Classification of ALL was first done using the FAB (French, American, and British) system, which categorized ALL based on cell characteristics and the behavior shown when certain staining techniques were performed. In light of new techniques that have become available such as flow cytometry and cytogenetics, the FAB system has been replaced by the WHO system, which differentiates cases of ALL according to phenotype.

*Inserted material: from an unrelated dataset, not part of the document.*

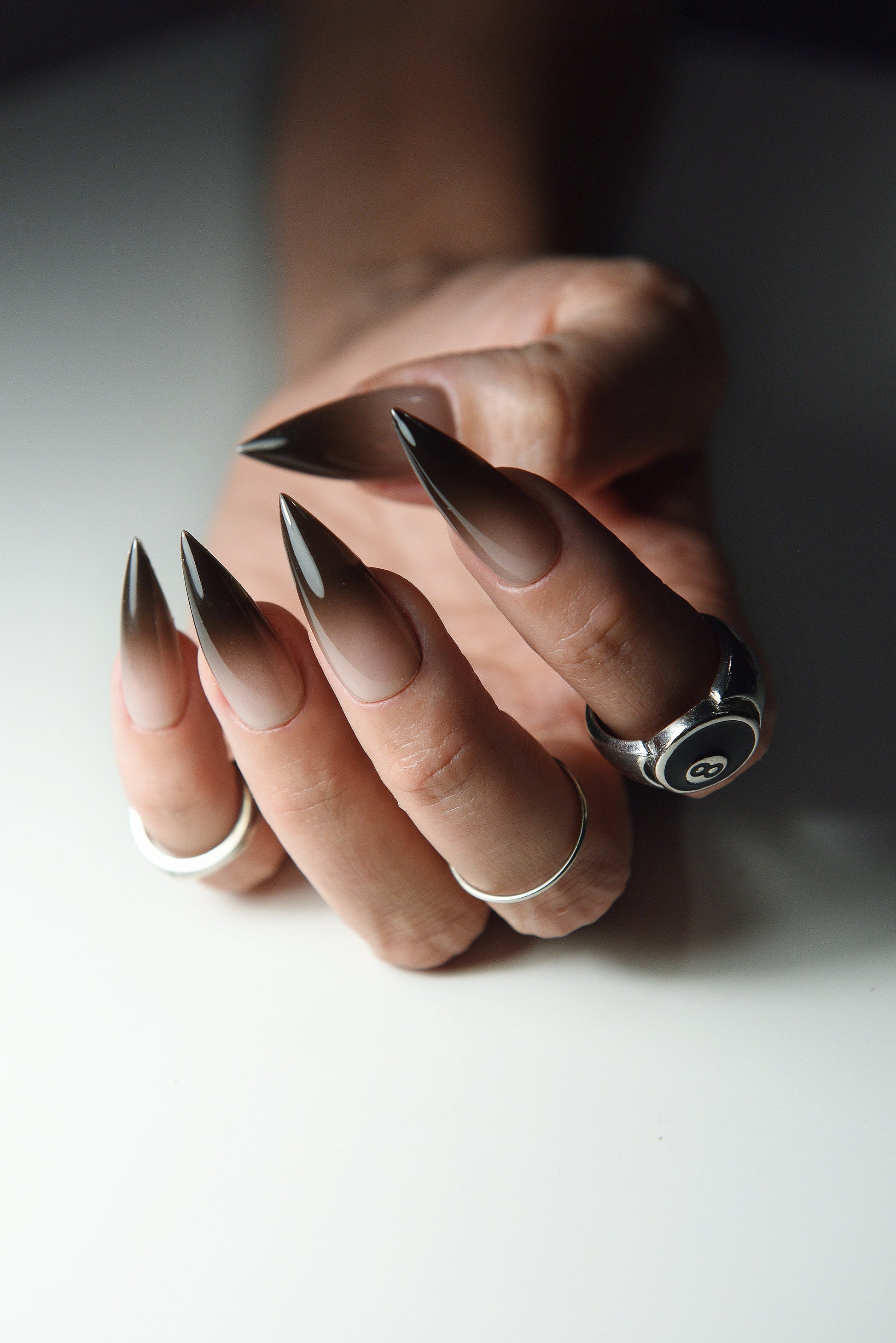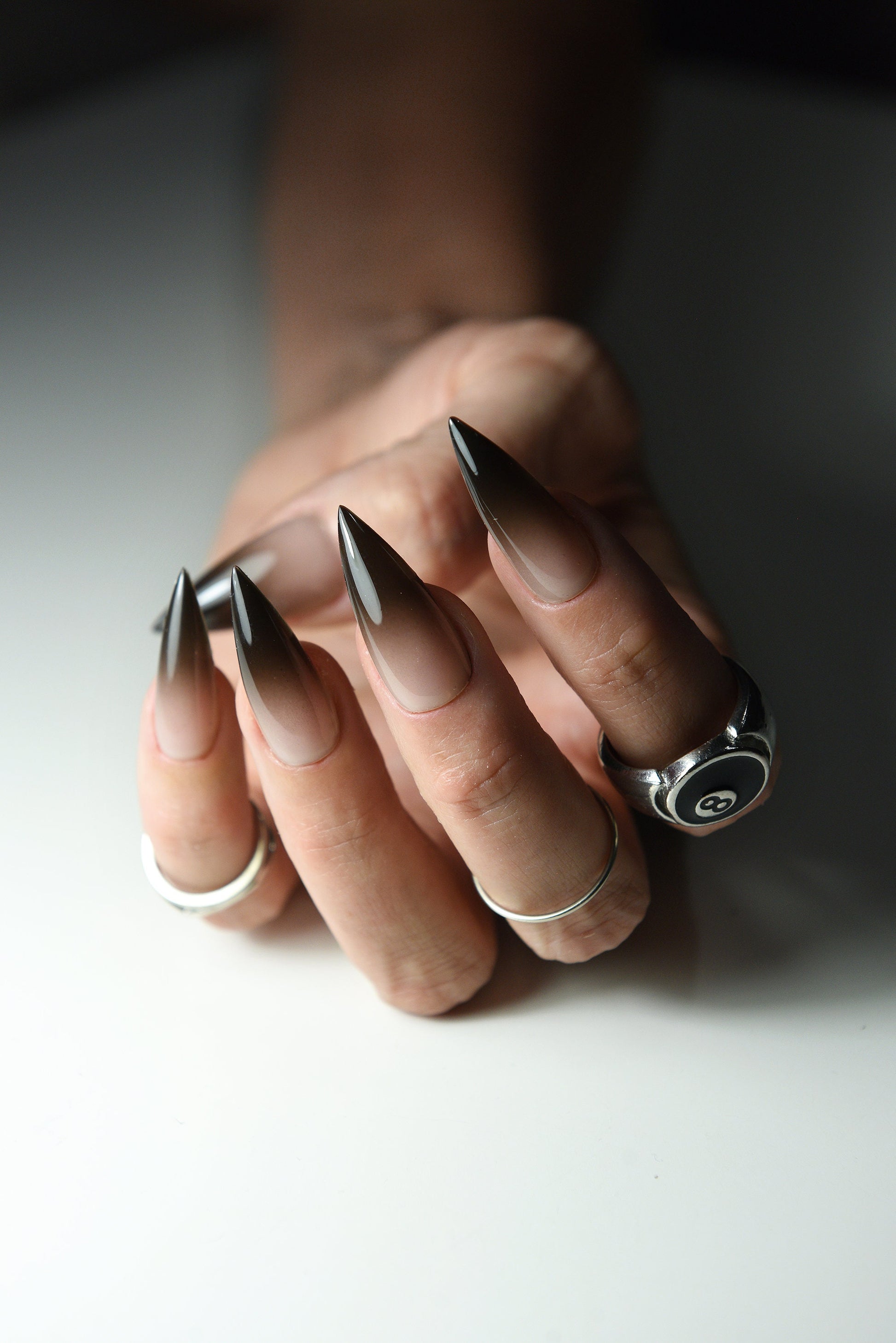 Goth Ombre Press-On Nails – Nude to Black Handmade Gothic Set

- Precursor B-cell leukemia: We find recurring genetic anomalies, and 7 subtypes are defined:
- t(9;22)-BCR/ ABL 1
- t(v;11q23)-MLL rearrangement
- t (12;21) TEL-AML1 (ETV6 – RUNX 1)
- Hyperdiploid ALL
- Hypodiploid ALL
- t(5;14) IL 3 –IgH
- t(1;19) TCF-3 –PBX1
- Precursor T-cell leukemia: We find a distinct biological subtype characterized by absence or weak expression of CD5. This subtype is associated with poor prognosis when currently used ALL treatment approaches are used.
- Mature B-cell leukemia (Burkitt's leukemia): to distinguish between leukemia and lymphoma, the bone marrow is examined for blast infiltration (if this is over 20%, the disease is leukemia, while if it is under 20%, it is lymphoma).